Road ahead: The Government is seeking to regulate the e-hailing services industry to give more protection to passengers and drivers, among others.

Road ahead: The Government is seeking to regulate the e-hailing services industry to give more protection to passengers and drivers, among others.

LAWS have been tabled in Parliament to regulate e-hailing services while protecting the drivers from being harassed and assaulted in the future.

The Government is seeking to introduce an intermediation business licence, following amendments to the Commercial Vehicles Licensing Board Act 1987 and the Land Public Transport Act 2010, to legalise e-hailing services as a public vehicle.

The proposed amendments, tabled for first reading by Minister in the Prime Minister’s Department Datuk Seri Nancy Shukri, provide for the renewal of an intermediation business licence, including the application and conditions for the renewal of such licence within the period and in the manner determined by the Commercial Vehicles Licensing Board (CVLB).

The Bill seeks to define an e-hailing vehicle as a motor vehicle with a seating capacity of four persons and not more than 11 persons (including the driver) for any journey for single or separate fares with booking made through electronic mobile apps.

Under Section 26A (1), it will be compulsory for a company operating e-hailing services to have an intermediation business licence and comply with the conditions set by CVLB.

These include the type of service provided, measures to safeguard the safety and security of passengers and standard of performance to be complied with by the e-hailing companies.

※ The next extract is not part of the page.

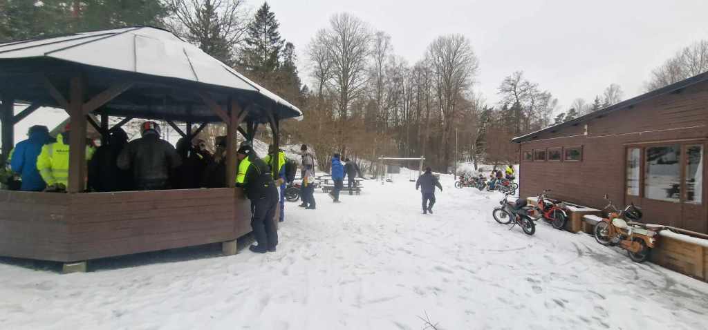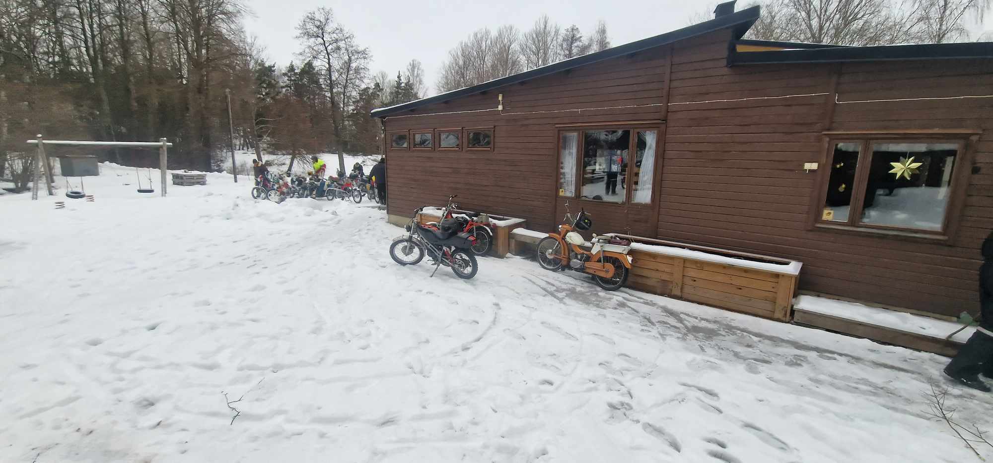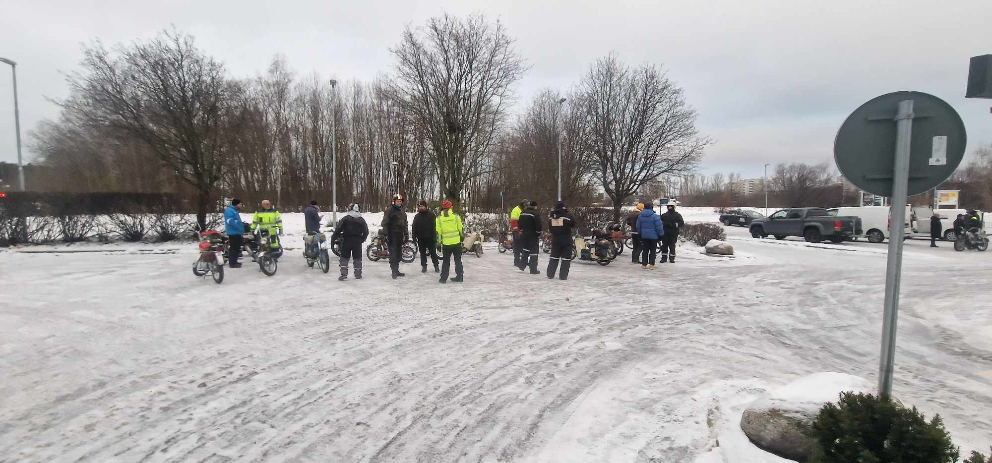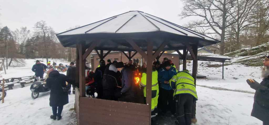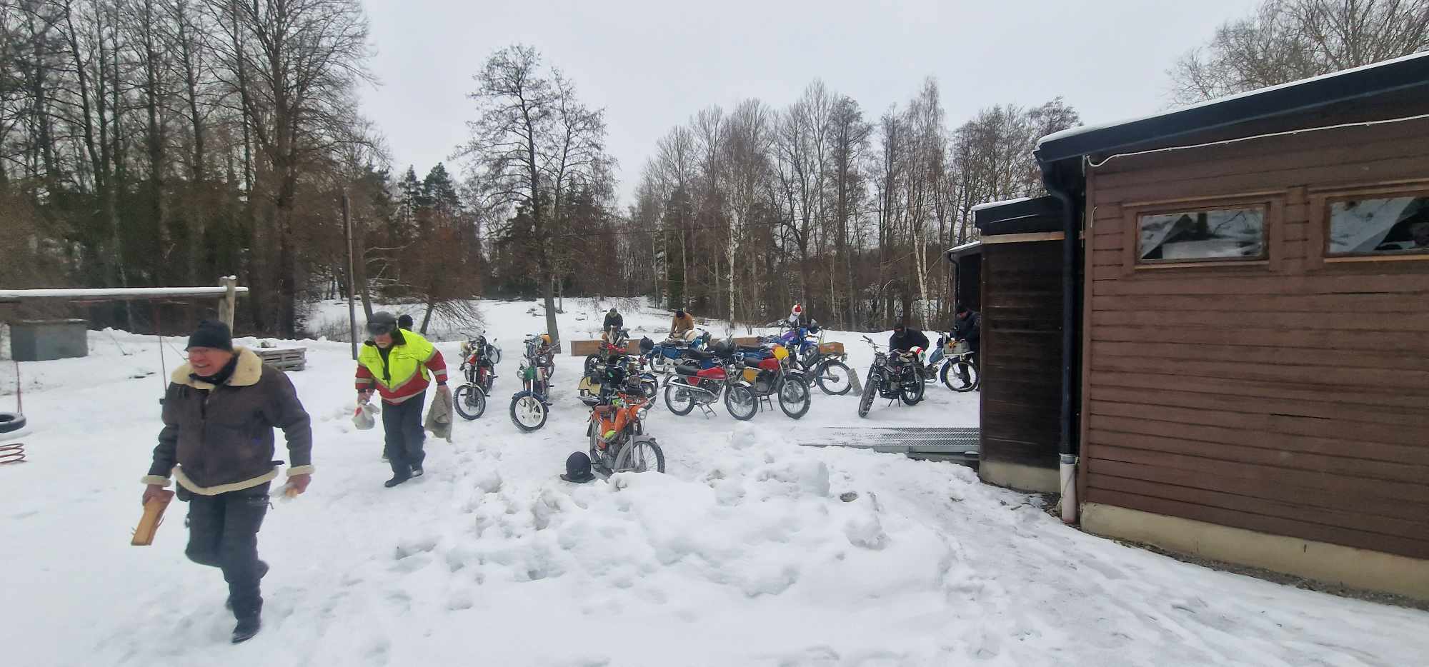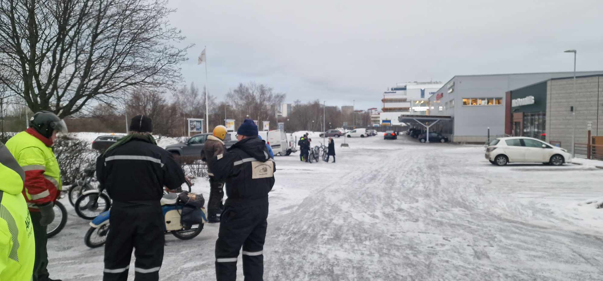 Traditionsenligt så kördes det ju en sista runda för året i det vi kallar Nyårsrundan, det har vi gjort sedan 2002. Två minusgrader och rå kyla samt jäkligt halt fick bli vädret för årets sista runda. Ett 35-tal moppar med förare trotsade vädret och samlades vid Mc Donalds på Årstafältet för avfärd på en runda, runt tre mil lång. Rundan gick in mot staden, korsade Södermalm och vidare ut på Kvarnholmen, Nacka, Hellasgården, Älta och fram mot Flatenbadet. Flatensjön rundades och vid Orhems Scoutstuga så brann grillbrasan när alla var framme. Det blev lite klotningar då underlaget inte var speciellt strävt, om man säger så, men inga lemmar blev skadade och även mopparna klarade sig galant. Efter grillningen så önskade alla lycka och välgång för det stundande året, sen drog alla tillbaka hemåt för att fira resten av dagen med sina respektive och önska Gott Nytt År!
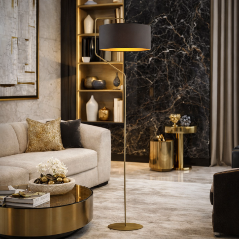 TESALLIA GOLD — czarna lampa podłogowa z abażurem ze złotym wnętrzem

An individual providing e-hailing services operating without an intermediation business licence can be fined up to RM500,000, jailed up to three years or both upon conviction.

Those who fail to comply with the conditions set by CVLB can be fined between RM1,000 and RM200,000, jailed a maximum of two years or both upon conviction.

Meanwhile, under amendments to the Land Public Transport Act 2010, Section 200 is amended to include offences involving a person who assaults, hinders or obstructs those involved in e-hailing services.

Those convicted may be liable to a fine of RM1,000, imprisonment not exceeding three months or both upon conviction.

Under Section 12E, those operating e-hailing services cannot transfer or reassign their licence. If they do, they can be fined between RM1,000 and RM10,000, jailed up to one year or both upon conviction.